Импер.-Кор. Староста
Гроздицкий".
А уездному суду была отправлена им такая бумага:
"Передается для дальнейшего производства по поводу подозрения в
шпионаже с сообщением, что обвиняемый получает значительные суммы денег из
России, и, как известно, подобная сумма поступила из России в адрес
обвиняемого в Поронин и находится в почтовом отделении Поронина для
получения".
К этому добавлялось, что сообщения об аресте столь важного преступника
посланы и в штаб 1-го корпуса, и в президиум наместничества во Львове, и в
дирекцию Львова и Кракова - словом, всем, всем, всем, всем. Очевидно, в том,
что в руки его попался действительно русский шпион, староста Нового Тарга не
сомневался.
В то время, как Владимир Ильич, еще не успокоившись, метался по своей
камере, большевик Яков Станиславович Ганецкий, живущий в Поронине и
приехавший на арбе в Новый Тарг, чтобы выручить Ленина, стоял перед
старостой Гроздицким и говорил взволнованно-повышенным тоном:
- Что вы такое сделали, послушайте, пан Гроздицкий!.. По донесению
полуграмотного деревенского жандарма вы вздумали лишить свободы величайшего
человека, которого знает весь мир, за исключением вас, как, к сожалению,
оказалось! Кого вы заподозрили в шпионаже в пользу русского правительства?
Непримиримейшего врага этого правительства, вождя русских революционных сил
Владимира Ульянова! Грозу русского царя, Владимира Ульянова, который
руководил революцией в России в 1905 году! Владимира Ульянова, который
неслыханно развил забастовочное движение в России перед самой войной, хотя и
жил здесь, в Галиции, в деревне Поронин! Того, наконец, кто поставил на
знамени своей революционной борьбы в первую голову освобождение русской
Польши от гнета царизма!..
Это говорилось на польском языке без малейшей тени акцента, так как
говоривший был сам уроженец русской Польши, Гроздицкий же был тоже поляк.

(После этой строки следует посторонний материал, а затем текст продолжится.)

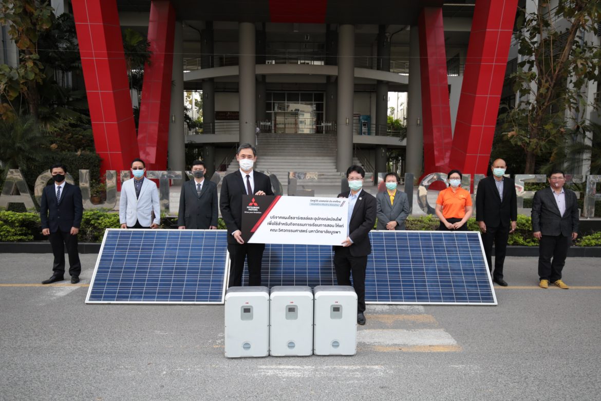 บริษัท มิตซูบิชิ มอเตอร์ส (ประเทศไทย) จำกัด นำโดย นายชลัช กังวานธนวัต (ที่ 4 จากซ้าย) ผู้อำนวยการใหญ่ สำนักวิศวกรรมการผลิต เป็นตัวแทนบริษัทฯ มอบแผงโซลาร์เซลล์พร้อมด้วยอุปกรณ์แปลงไฟ ให้แก่คณะวิศวกรรมศาสตร์ มหาวิทยาลัยบูรพา เพื่อใช้เป็นสื่อการเรียนการสอน โดยมี ผศ.ดร.ณยศ คุรุกิจโกศล (ที่ 5 จากขวา) คณบดีคณะวิศวกรรมศาสตร์ ดร.ไพบูลย์ ลิ้มปิติพานิชย์ (ที่ 4 จากขวา) หัวหน้าภาควิชาวิศวกรรมเครื่องกล และ ดร.ณัฐพันธ์ ถนอมสัตย์ (ที่ 1 จากขวา) หัวหน้าภาควิชาวิศวกรรมไฟฟ้า เป็นผู้รับมอบ ณ คณะวิศวกรรมศาสตร์ มหาวิทยาลัยบูรพา ซึ่งการสนับสนุนในครั้งนี้เป็นส่วนหนึ่งของโครงการเพื่อสังคมของมิตซูบิชิ มอเตอร์ส ประเทศไทย ภายใต้ปณิธานด้านความรับผิดชอบต่อสังคม “สรรค์สร้าง เคียงข้าง สังคมไทย”

Это говорилось слишком горячо и убедительно для того, чтобы образ Ленина не
встал, наконец, во весь свой рост и со всей возможной рельефностью перед
старостой Нового Тарга.
Он развел руками в знак того, что, по-видимому, действительно допустил
ошибку, которую исправить теперь уже не может: официальные бумаги о
гражданине Ульянове посланы уже в Краков и Львов...
- Я могу только, - сказал он, - сделать одно: направить сейчас же к
гражданину Ульянову судебного следователя для производства дознания, чтобы
провести его дело как можно быстрее.
Разбитая, усталая, возвращалась со станции домой Надежда
Константиновна. Уверенности в том, что Владимира Ильича отпустят, оставалось
все меньше, но когда она была уже близко от дома Терезы Скупень, ей пришлось
услышать (потому что и говорилось это громко, чтобы она слышала):
- Если этого шпиона выпустят и опять он сюда к нам приедет, мы ему
тогда и глаза выколем и язык вырежем!
Глядя на нее, так говорили женщины из соседних домов, стоявшие
небольшой толпой поодаль. И говорили не о ком другом, как о ее муже!..
Выходило, что даже и в том счастливом случае, если бы удалось добиться
освобождения Владимира Ильича, жить им в Поронине больше было бы уж нельзя.
Виктория, как и прежде, работала по хозяйству - только что принесла на
коромысле два ведра воды, - но хладнокровно видеть ее не могла Надежда
Константиновна и сказала ей:
- Не передумали вы, Виктория, ехать на работу в Краков? Теперь я могла
бы вам помочь это сделать: теперь у нас вам дела будет мало.
Виктория ответила, что будет рада уехать, если только получит от нее на
отъезд денег, и через несколько минут ее уже не было в доме, а через полчаса
Тереза привела помогать по хозяйству какую-то очень белокурую и застенчивую
девочку лет тринадцати, Анельку, которая начала свою помощь с того, что
уронила и разбила тарелку, и от конфуза порывалась убежать домой, так что с
трудом ее удержали, причем Тереза говорила ей, что пани Ульянова - женщина
богатая, - что для нее значит разбитая тарелка!
Появился в доме и тот бывший ссыльный, которому накануне Владимир Ильич
предложил поселиться в мезонине. Это был молодой еще человек, но до
крайности молчаливый. Он сказал только, что Владимир Ильич поручил ему
привести в порядок его небольшую библиотечку здесь, но что это значило -
привести в порядок, не знал и смотрел исподлобья.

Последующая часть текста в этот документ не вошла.